Plan Student Activities which are Interesting and Educationally Sound

• Invest time in preparation.
  Don't fall into the trap of thinking that your in-depth understanding of science content eliminates the need for you to do much preparation. The challenge is to present science in an exciting, educationally effective, and age-appropriate manner. This takes careful thought and preparation!
• Target the average students.
  Do things that nearly everyone can understand and succeed in. If you target only the high achievers the other 80 percent will become discouraged and decide that science and math are just too hard for them. Target the mainstream students, and offer optional extensions for the high achievers.
• Do activities that are age-appropriate.
  Essentially all elementary school and many middle school students are concrete thinkers - they can comprehend what they detect with their physical senses, but not abstract representations of reality, such as graphs and algebraic equations. Students begin to develop abstract thinking abilities in middle and high school. Even there it's best to start off concrete and transition into the abstract to the extent that you see the students are staying with you. (For more information see the videotape, "A Biological Basis for Thinking," available from Lawrence Hall of Science, Berkeley, CA 96720, (510) 642-1016).
• Don't try to cover too much.
  It's easy to assume that concepts and procedures which have become second nature to you can be quickly learned by others - but it simply isn't true.
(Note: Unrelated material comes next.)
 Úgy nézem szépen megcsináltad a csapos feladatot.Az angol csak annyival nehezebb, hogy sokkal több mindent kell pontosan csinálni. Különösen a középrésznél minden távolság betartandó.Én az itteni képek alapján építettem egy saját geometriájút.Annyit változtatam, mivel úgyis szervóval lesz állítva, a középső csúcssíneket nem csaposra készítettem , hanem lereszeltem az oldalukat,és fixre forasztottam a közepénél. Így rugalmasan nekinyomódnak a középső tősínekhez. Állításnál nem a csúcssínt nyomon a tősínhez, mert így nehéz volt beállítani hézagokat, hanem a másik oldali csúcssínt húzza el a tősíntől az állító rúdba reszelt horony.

It takes multiple exposures, active participation in applications, and time for new concepts to become integrated into our brains. A small amount of material presented very effectively is much better than a lot covered so hurriedly that it's confusing.
• Emphasize applications; present principles in the context of relevant applications.
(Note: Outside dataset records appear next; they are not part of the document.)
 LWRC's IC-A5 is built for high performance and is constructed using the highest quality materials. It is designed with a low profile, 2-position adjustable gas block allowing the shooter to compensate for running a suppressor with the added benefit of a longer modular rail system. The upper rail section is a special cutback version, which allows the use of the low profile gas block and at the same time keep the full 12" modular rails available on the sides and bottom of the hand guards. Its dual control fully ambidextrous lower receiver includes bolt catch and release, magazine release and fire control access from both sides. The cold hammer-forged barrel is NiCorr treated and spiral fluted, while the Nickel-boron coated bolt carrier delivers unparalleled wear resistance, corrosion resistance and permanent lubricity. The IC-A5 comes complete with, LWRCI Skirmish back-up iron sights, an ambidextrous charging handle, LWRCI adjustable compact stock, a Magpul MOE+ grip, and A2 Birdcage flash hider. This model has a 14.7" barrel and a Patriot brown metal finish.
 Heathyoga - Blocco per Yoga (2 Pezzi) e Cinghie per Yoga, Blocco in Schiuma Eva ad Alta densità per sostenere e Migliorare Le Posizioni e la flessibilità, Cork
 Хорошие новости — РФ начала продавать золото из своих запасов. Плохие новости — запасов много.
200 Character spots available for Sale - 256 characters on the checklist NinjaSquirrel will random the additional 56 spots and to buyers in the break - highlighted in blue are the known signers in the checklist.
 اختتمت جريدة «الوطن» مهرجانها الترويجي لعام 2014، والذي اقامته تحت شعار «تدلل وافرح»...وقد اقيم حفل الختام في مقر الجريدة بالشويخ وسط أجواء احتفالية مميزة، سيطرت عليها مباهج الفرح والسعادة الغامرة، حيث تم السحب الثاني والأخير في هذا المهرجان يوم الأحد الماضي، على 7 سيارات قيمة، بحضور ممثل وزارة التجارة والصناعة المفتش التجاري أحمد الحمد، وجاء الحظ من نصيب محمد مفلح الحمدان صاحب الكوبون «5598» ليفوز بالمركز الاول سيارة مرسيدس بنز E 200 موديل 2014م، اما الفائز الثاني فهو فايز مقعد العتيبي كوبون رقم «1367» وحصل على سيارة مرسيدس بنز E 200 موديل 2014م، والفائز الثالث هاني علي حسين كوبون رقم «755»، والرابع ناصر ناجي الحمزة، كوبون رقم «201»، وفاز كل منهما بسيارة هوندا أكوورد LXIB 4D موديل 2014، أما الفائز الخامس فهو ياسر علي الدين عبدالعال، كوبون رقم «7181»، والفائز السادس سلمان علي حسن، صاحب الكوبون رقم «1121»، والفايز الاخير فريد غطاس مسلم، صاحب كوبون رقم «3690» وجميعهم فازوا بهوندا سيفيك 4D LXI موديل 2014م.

  The paradigm "first we'll learn the theory and principles, then we'll apply them" is boring and motivationally bankrupt. Very few students learn effectively in this sequence. Applications are not only more interesting than theory, they also provide a concrete context through which students are better able to grasp the underlying principles, which are by nature more abstract. Concentrate on applications that are real and important in the world of the students and age group you are working with - skateboards, stereos, sports equipment, clothing, etc., rather than applications that are interesting and relevant primarily to technical professionals - integrated circuits, ion accelerators, etc. The most compelling applications are those which are rooted in relevant social issues and have positive impacts on quality of life - health issues, environmental protection, etc.
• Promote hands-on student discovery experiences.
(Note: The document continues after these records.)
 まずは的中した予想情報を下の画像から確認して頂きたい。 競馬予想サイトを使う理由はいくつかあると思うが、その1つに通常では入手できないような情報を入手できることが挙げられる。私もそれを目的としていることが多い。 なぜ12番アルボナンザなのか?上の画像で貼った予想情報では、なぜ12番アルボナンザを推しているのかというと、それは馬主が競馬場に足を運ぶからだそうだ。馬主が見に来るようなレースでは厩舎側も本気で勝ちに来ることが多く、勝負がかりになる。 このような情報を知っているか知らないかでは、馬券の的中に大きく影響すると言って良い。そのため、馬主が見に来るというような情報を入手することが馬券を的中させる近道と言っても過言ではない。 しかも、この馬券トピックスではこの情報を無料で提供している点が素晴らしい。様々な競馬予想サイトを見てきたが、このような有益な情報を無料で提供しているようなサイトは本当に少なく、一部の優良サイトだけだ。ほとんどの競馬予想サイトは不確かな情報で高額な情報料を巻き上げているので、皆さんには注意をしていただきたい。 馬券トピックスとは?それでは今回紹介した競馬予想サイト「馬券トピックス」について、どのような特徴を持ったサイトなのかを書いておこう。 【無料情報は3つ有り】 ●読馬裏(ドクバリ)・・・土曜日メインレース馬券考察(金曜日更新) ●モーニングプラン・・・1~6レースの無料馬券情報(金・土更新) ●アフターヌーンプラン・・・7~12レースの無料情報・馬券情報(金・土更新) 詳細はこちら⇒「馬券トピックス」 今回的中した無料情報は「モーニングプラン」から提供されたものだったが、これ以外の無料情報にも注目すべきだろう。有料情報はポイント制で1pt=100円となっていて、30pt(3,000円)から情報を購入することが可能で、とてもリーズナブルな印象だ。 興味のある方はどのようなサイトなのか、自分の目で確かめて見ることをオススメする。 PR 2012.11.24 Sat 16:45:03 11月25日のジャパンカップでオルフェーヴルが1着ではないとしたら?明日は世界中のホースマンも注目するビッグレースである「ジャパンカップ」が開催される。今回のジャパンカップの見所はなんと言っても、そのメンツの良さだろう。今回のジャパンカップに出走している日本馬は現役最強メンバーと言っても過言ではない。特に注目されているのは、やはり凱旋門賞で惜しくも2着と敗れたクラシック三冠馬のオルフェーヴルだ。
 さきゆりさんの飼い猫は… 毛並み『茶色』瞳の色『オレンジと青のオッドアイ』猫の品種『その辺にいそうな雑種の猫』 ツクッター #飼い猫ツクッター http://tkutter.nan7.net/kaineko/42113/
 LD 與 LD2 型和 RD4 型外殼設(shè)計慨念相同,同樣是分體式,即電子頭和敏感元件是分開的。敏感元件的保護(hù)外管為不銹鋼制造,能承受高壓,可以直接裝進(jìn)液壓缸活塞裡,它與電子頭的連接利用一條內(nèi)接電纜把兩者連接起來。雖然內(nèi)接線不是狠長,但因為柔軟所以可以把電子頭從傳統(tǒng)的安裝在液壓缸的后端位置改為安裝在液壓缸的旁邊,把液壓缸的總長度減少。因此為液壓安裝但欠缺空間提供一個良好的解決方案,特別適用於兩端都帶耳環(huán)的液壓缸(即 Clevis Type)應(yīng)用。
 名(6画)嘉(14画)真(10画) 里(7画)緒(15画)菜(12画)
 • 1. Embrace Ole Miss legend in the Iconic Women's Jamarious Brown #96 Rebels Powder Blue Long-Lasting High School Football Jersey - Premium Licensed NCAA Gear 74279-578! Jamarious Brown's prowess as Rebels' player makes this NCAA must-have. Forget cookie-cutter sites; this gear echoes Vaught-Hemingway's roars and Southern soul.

  Kids learn by doing, particularly young ones! Hands-on activities in which students discover things for themselves are the highest quality learning experiences. Students forget most of the things their teachers tell them. But when adults lead kids in experiences where they wrestle with an interesting personal observation and figure it out "by themselves" - those things are remembered forever. Seek to be more of a guide to discovery than a conveyor of information and provider of answers.
• Emphasize scientific method and logical thinking, not just science & math content.
  Help debunk the myth that science & math consists primarily of memorizing facts, formulas & vocabulary, grinding through arithmetic mechanics, and being able to instantly recall all the right answers. Emphasize that science involves figuring out how things work, wondering what would happen if..., making educated guesses, doing experiments, changing your mind when the experimental results disagree with your hypothesis, and applying your new understanding to make better products and improve the quality of life. Doing experiments is not only more fun than memorizing facts, but it also helps develop the logical process skills that all students will need in order to become productive citizens. Helping produce a technologically literate public that examines information is even more important than helping students learn specific scientific content.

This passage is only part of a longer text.